Gunther felt a sudden, strong sensation of calm. It was almost like before his gall bladder surgery, when the anesthesiologist injected something into his IV to calm his nerves. His sudden peace felt exactly like what he’d felt in that moment, only there was no drug wending its way through an IV into his bloodstream. The strange calming sensation bloomed within his chest and he felt relaxation flow through his extremities. He took a deep breath and finished climbing the last of the steps. The party stood with Yotto at an open ramp in the underside of the saucer. Gollip stood slightly to the side, near the stone lip of the bluff, looking over the edge like a sentinel or a gargoyle.

From this vantage point, Gunther could see several sets of stairs that ascended the mountain to the ship, some joining on their way.

“This is not off-limits, exactly,” Yotto said, “but my people never come here. They would be . . . surprised to find I had let you in.”

“Worried we might turn the death ray on the city?” François grinned.

“There is no death ray,” Yotto said.

“Do you have a death ray?” Gollip asked. “Do you plan to build a death ray?”

“Put that on the list, François,” Surjan said.

“No,” François said, “that was a joke. No death rays. And we will be discreet about our visit here.”
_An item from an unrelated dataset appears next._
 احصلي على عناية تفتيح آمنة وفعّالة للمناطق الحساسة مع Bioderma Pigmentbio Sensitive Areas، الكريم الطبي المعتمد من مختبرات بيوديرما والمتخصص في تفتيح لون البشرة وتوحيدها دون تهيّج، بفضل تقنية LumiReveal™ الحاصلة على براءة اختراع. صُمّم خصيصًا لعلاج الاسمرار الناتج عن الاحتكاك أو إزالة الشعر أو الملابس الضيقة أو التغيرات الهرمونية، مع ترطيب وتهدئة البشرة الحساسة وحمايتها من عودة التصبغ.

Was discretion possible? There were so many paths up to this point, and surely some Edu in one of the open spaces below would look up at any moment and see them congregated on the ramp.
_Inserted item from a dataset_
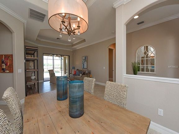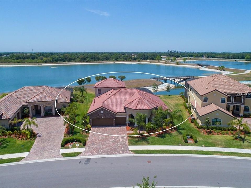 Wake up every morning to serene lake views from this majestic five-bedroom home in the new Bridgewater community at Lakewood Ranch. Built in 2015, this rarely available, Georgetown Grande II floor plan brims with style and sophistication in a setting beyond compare. Making for a picturesque backdrop, you'll never tire of the 180-degree water vista with two charming walking bridges beyond. Enter through the gracious front porch into the welcoming living room overlooking the pool and lake beyond. From the formal dining room, impeccable trim, molding, and tray ceilings infuse special occasions with an extra touch of class. The kitchen is an impressive centerpiece with granite counters, stainless steel appliances, and tile backsplash. The scene is all set for comfort and enjoyment from the open great room where large sliders pull back to bring the outdoors in. Relax in your own Floridian playground with resort-style pool, tranquil spa and built-in summer grill and bar. A three-car garage completes the picture. From this gated community, lawn care is included and it's the perfect segue to experience the ease of Lakewood Ranch with its many amenities including golf, tennis, trails, parks, restaurants, events, UTC Mall, and all the Gulf Coast offers.
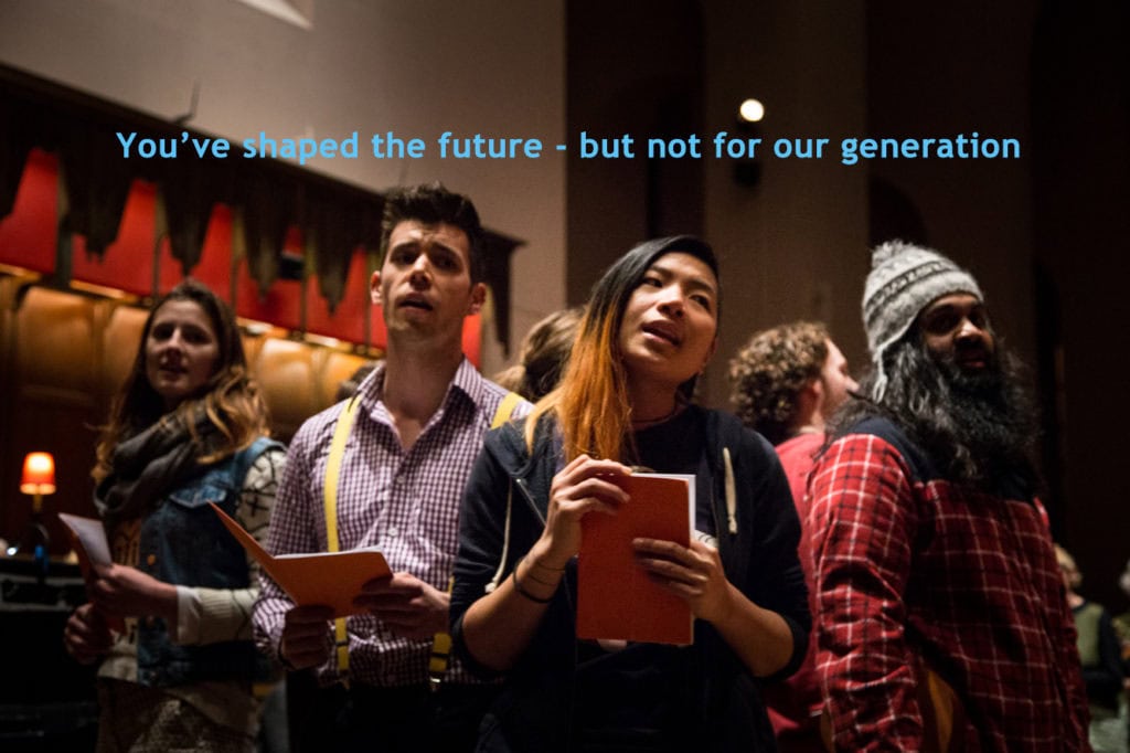 This moment is interrupted by the first of the Under 30s – late teens to young adults – who playfully tell both groups their generation ‘is pretty lit really’ and wish ‘the baby boomers would retire, and give us their jobs’. They share their desire to live, despite the difficulties presented by mindless, soul-destroying minimum-wage jobs and an acceptance that, before 30, they realise they may work until the day they die. They denounce racism, sexism, homophobia – they reveal their crippling anxieties, their desire for diversity and a loving world.

You just have to trust me.

Gunther shook himself, trying to cast off the voice.

The saucer was not level on the bluff. Up this close, Gunther could see that it rested on three metal legs, but one of them was crumpled, so part of the saucer had flexed and tilted at a shallow angle.

“There are usually no Edu in this section,” Yotto said. “You will not be harmed, but please be careful what you touch.”

The team entered, François and Marty leading the way with Yotto. Gunther waited, trying to empty his mind of conscious thought to escape the solicitation of the voice, until he and Kareem were last, with Gollip still standing watch at the rim.

Kareem fidgeted, both hands in his tunic pocket.

Gunther smiled at the young man. “Find something interesting?”

Kareem spat. “This is a cursed place, by God.” He climbed inside the saucer.

“That makes me feel good,” Gunther murmured.

I will teach you.

Gunther entered, leaving Gollip outside. A spiral staircase ran up through a column of the ship. The angle meant that on one side the stairs tilted back and you risked sliding off, and on the other side the stairs tilted forward and you had to raise your feet extra high and then put them down at an angle that stressed the ankles. The fact that the steps were made of a metal lattice made the climb possible at all. Gunther went up with considerable use of his hands.

The lower floor contained sleeping and storage compartments, the bunks too small for adult humans of ordinary size, the shelves bare. Gunther followed the others to the upper floor and found them at a semicircular central console. It was built like a podium, to be worked by someone standing inside it, and lights shone up onto the faces of the party. The controls consisted of various buttons, faders, levers, and joysticks.

Above them and to the left ballooned a domed chamber with white walls and floor. In its floor were a series of dark circles, and Gunther was reminded of the portal they’d entered together in the time of Narmer to be sent to this time.

I will teach you.

“Do you know the controls?” François asked Yotto.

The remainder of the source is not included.